Werther Santana|Estadão
Werther Santana|Estadão

Com inflação baixa, mercado já fala em Selic a 6%

Para especialistas, inflação baixa em agosto pode levar Selic para patamar historicamente baixo; mercado se diz surpreso com índice IPCA-15, que subiu 0,35%, abaixo das projeções

Altamiro Silva Júnior, Thais Barcellos, Francisco Carlos de Assis e Célia Froufe, O Estado de S.Paulo

23 Agosto 2017 | 15h05

O Índice de Preços ao Consumidor Amplo - 15 (IPCA-15) de agosto, divulgado na manhã desta quarta-feira, 23, surpreendeu o mercado e reforçou a percepção dos analistas de que o processo de desinflação segue disseminado pelo Brasil. Isso abriria  espaço para o Banco Central cortar os juros novamente em 1 ponto porcentual na reunião de setembro do Comitê de Política Monetária (Copom), aumentando as chances de uma Selic, a taxa básica da economia, mais próxima a 7% no final do ano. Os mais animados já falam até em 6%.

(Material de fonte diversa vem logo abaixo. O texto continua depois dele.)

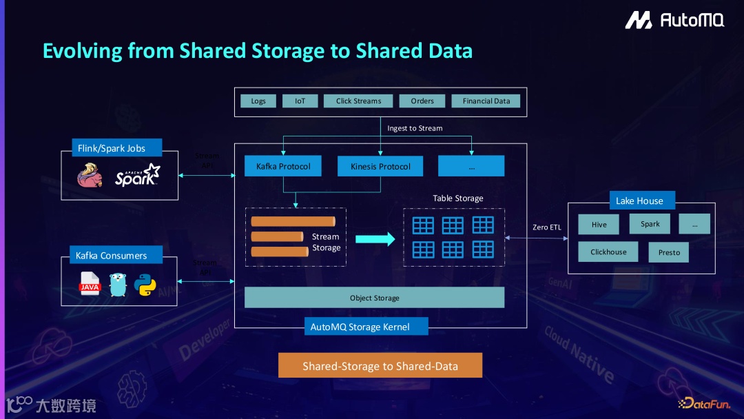 从 Apache Kafka 的传统架构开始,逐步演进到 AutoMQ 的共享存储架构,最终发展到共享数据架构。这一过程不仅展示了技术的演进,还突显了架构升级带来的成本优势和数据共享的可能性。

O IPCA-15 leva em consideração a média dos preços dos últimos quinze dias de julho e dos primeiros 15 dias de agosto. Ele serve para o mercado como uma prévia do índice de inflação oficial, o IPCA, que será divulgado no começo do mês que vem.

 

 

O índice subiu 0,35% em agosto (após cair 0,18% em julho), abaixo do esperado pelo consenso do mercado, que previa aumento de 0,40%, de acordo com o projeções do Estadão/Broadcast. Nos 12 meses encerrados em agosto, o índice acumula elevação de 2,68%, arrefecendo de 2,78% no período finalizado em julho.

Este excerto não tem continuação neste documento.